Information provided >>
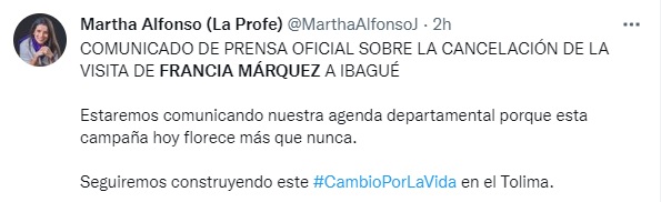 Desde la coordinación Nacional del equipo tierra campaña vicepresidencial de Francia Márquez firmada por Camilo Ernesto chica, se conoció el comunicado dónde informa que por cambios de último momento de los compromisos de campaña la visita la ciudad de ibagué programada para el día de mañana debe ser cancelada. Desde luego agradecer De antemano Su comprensión Esperando poder visitar la ciudad musical próximamente.
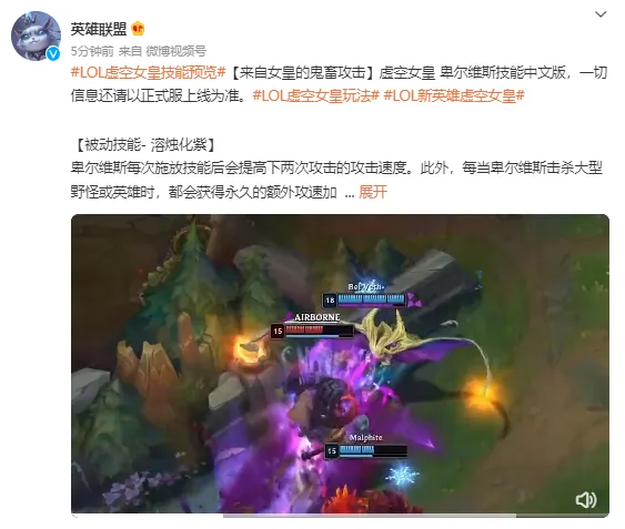05月24日讯 英雄联盟官博发布新英雄虚空女皇·卑尔维斯技能中文版,以下是微博原文:
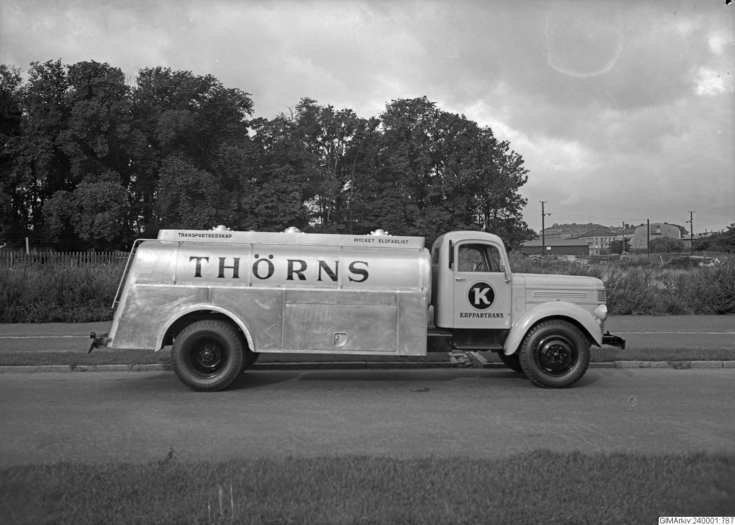 Förvarad i kuvert med texten: "Tankbil Thörns koppartrans. Juni 1955 el. Juni 1958 Bild 2.

Work item >>
Would you restate the listing word for word and leave every picture out?

Result >>
 Desde la coordinación Nacional del equipo tierra campaña vicepresidencial de Francia Márquez firmada por Camilo Ernesto chica, se conoció el comunicado dónde informa que por cambios de último momento de los compromisos de campaña la visita la ciudad de ibagué programada para el día de mañana debe ser cancelada. Desde luego agradecer De antemano Su comprensión Esperando poder visitar la ciudad musical próximamente.
05月24日讯 英雄联盟官博发布新英雄虚空女皇·卑尔维斯技能中文版,以下是微博原文:
 Förvarad i kuvert med texten: "Tankbil Thörns koppartrans. Juni 1955 el. Juni 1958 Bild 2.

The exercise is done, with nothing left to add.